The above equation is called the composition rule and is only valid for functions whose Taylor expansion does not have a constant term and, is thus nil-potent of order $m+1$ in $\mathcal P_{n,m}$. In general, we cannot compute the truncated Taylor expansion of a composition function directly composing the truncated Taylor expansions. For most elementary functions, though, we can consider $T_f = f_0 + \hat f$ and use some addition formula to be able to ‘’extract`` $\hat f$ and thus exploit its nil-potency. The details on how this is done differ for each particular $f$ considered and are reported in the following subsections for some commonly used functions.

Other functions suc as tan, cosh etc. can also be treated similarly and are not reported for convenience.

Exponential¶

Let us consider the case of the exponential:

\[g(x) = \exp(x) = \sum_{i=0} \frac{x^i}{i!} = 1 + x + \frac {x^2}{2} + ...\]
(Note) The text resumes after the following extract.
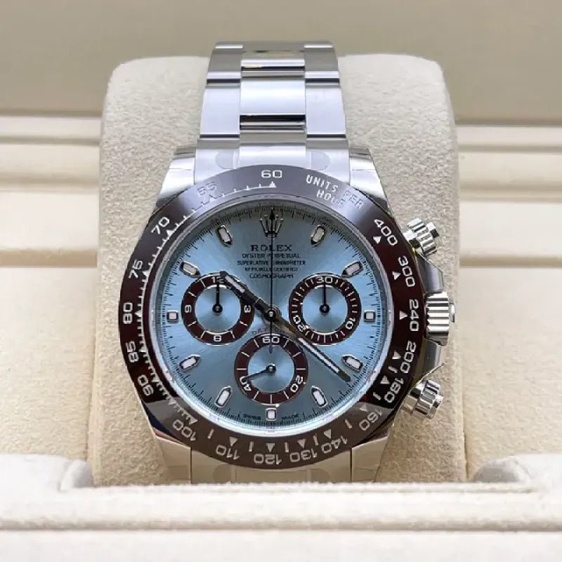 Hands-on look at the Rolex Cosmograph Daytona 116506 platinum watch with brown ceramic bezel and ice blue dial.

We want to compute the truncated Taylor expansion of $\exp(f(\mathbf x))$ starting from the truncated Taylor expansion $T_f = f_0 + \hat f$. We thus write:

\[(g \circ f) (\mathbf x) = \exp(f(\mathbf x)) = \exp f_0 \exp (f(\mathbf x) - f_0)\]

note that, now, we can apply the composition rule to $\exp (f(\mathbf x) - f_0)$ since the MacLaurin Taylor expansion of $f(\mathbf x) - f_0$ does not have a constant term. Hence:

\[T_{g \circ f} = \exp f_0 T_g \circ T_{\hat f}\]

and, finally:

(2)¶\[T_{(\exp f)} = \exp f_0 \sum_{i=0}^m \frac{\hat f^i}{i!} = \exp f_0 \left( 1 + \hat f + \frac {\hat f^2}{2!} + ... \right)\]

Logarithm¶

Let us consider the case of the natural logarithm:

\[g(x) = \log(x)\]

We want to compute the truncated Taylor expansion of $\log(f(\mathbf x))$ starting from the truncated Taylor expansion $T_f = f_0 + \hat f$. We thus write:

\[(g \circ f) (\mathbf x) = \log(f(\mathbf x)) = \log (f_0 + (f(\mathbf x) - f_0)) = \log f_0 + \log(1 + \frac{f(\mathbf x) - f_0}{f_0})\]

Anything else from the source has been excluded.